DATASET EXCERPT:
[Start of Attachment]

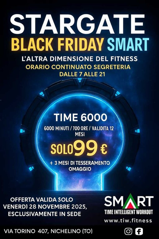 Sei pronto a varcare la soglia del fitness intelligente? SMART TIW - Time Intelligent Workout di Nichelino lancia una promozione "fuori dal tempo" per il Black Friday che è un vero e proprio viaggio dimensionale verso la tua forma fisica.
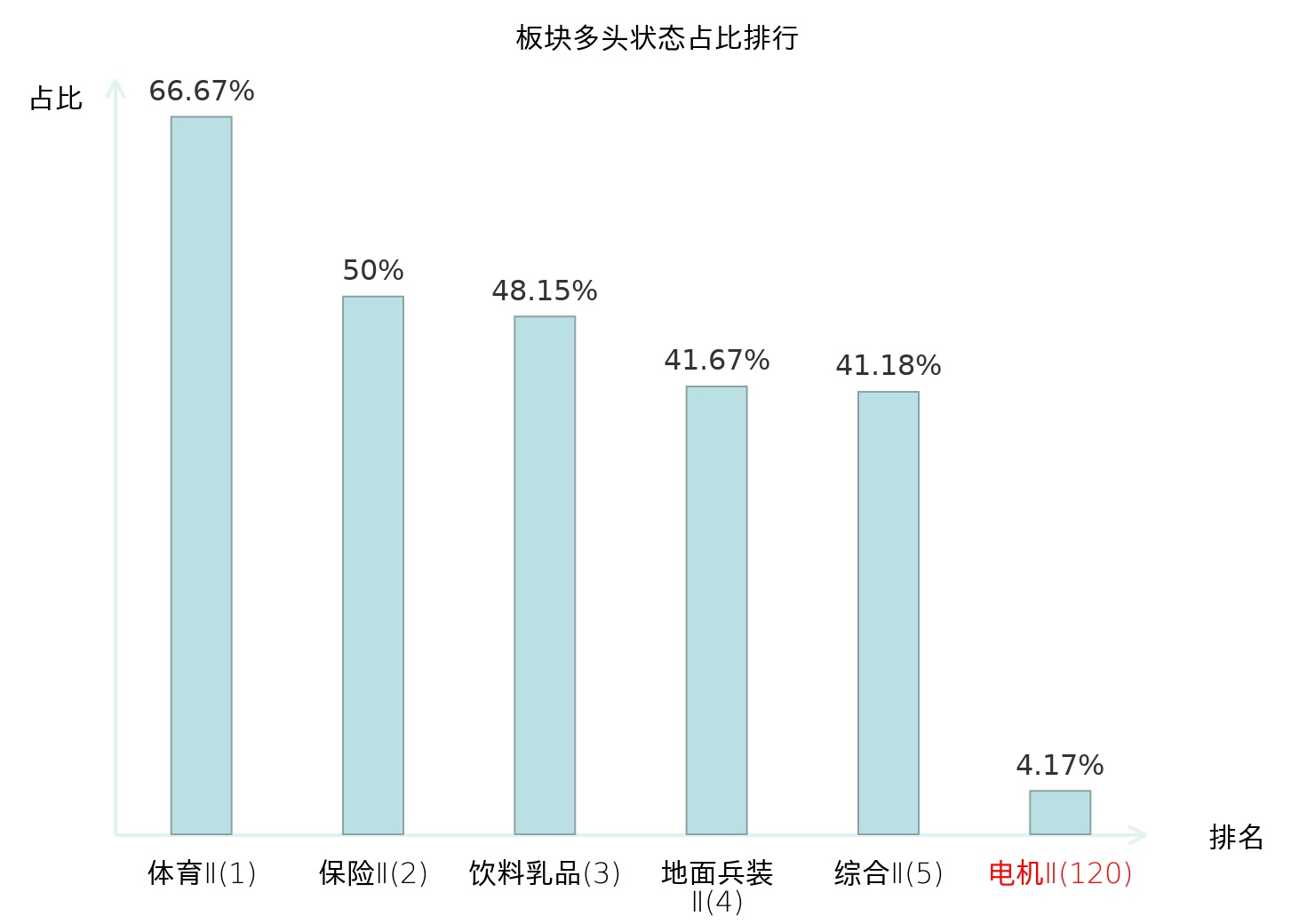 全市场所有行业板块中主力多头状态占比排名中,体育Ⅱ板块位居第一。种植业板块名次提升最快,较昨日上升70位。
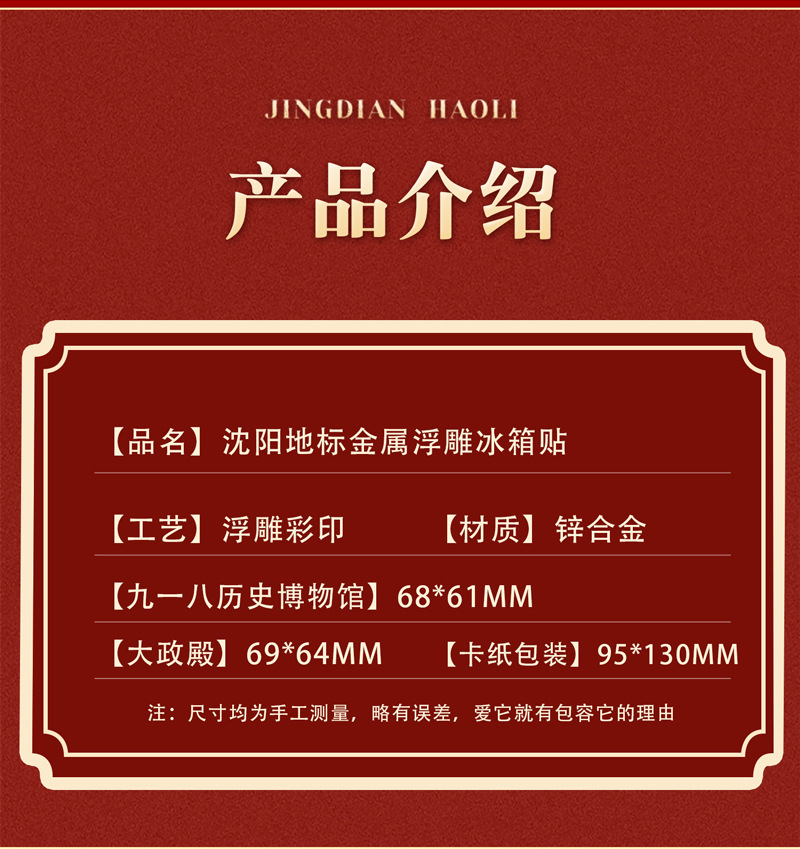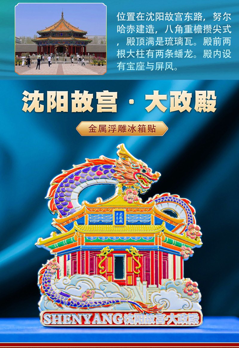 沈阳地标冰箱贴金属磁吸故宫大政殿中国风城市文创旅游纪念品礼物

[End of Attachment]

EXERCISE:
An exact reproduction of the material is needed, without its images.

PROBLEM SOLUTION:
 Sei pronto a varcare la soglia del fitness intelligente? SMART TIW - Time Intelligent Workout di Nichelino lancia una promozione "fuori dal tempo" per il Black Friday che è un vero e proprio viaggio dimensionale verso la tua forma fisica.
 全市场所有行业板块中主力多头状态占比排名中,体育Ⅱ板块位居第一。种植业板块名次提升最快,较昨日上升70位。
 沈阳地标冰箱贴金属磁吸故宫大政殿中国风城市文创旅游纪念品礼物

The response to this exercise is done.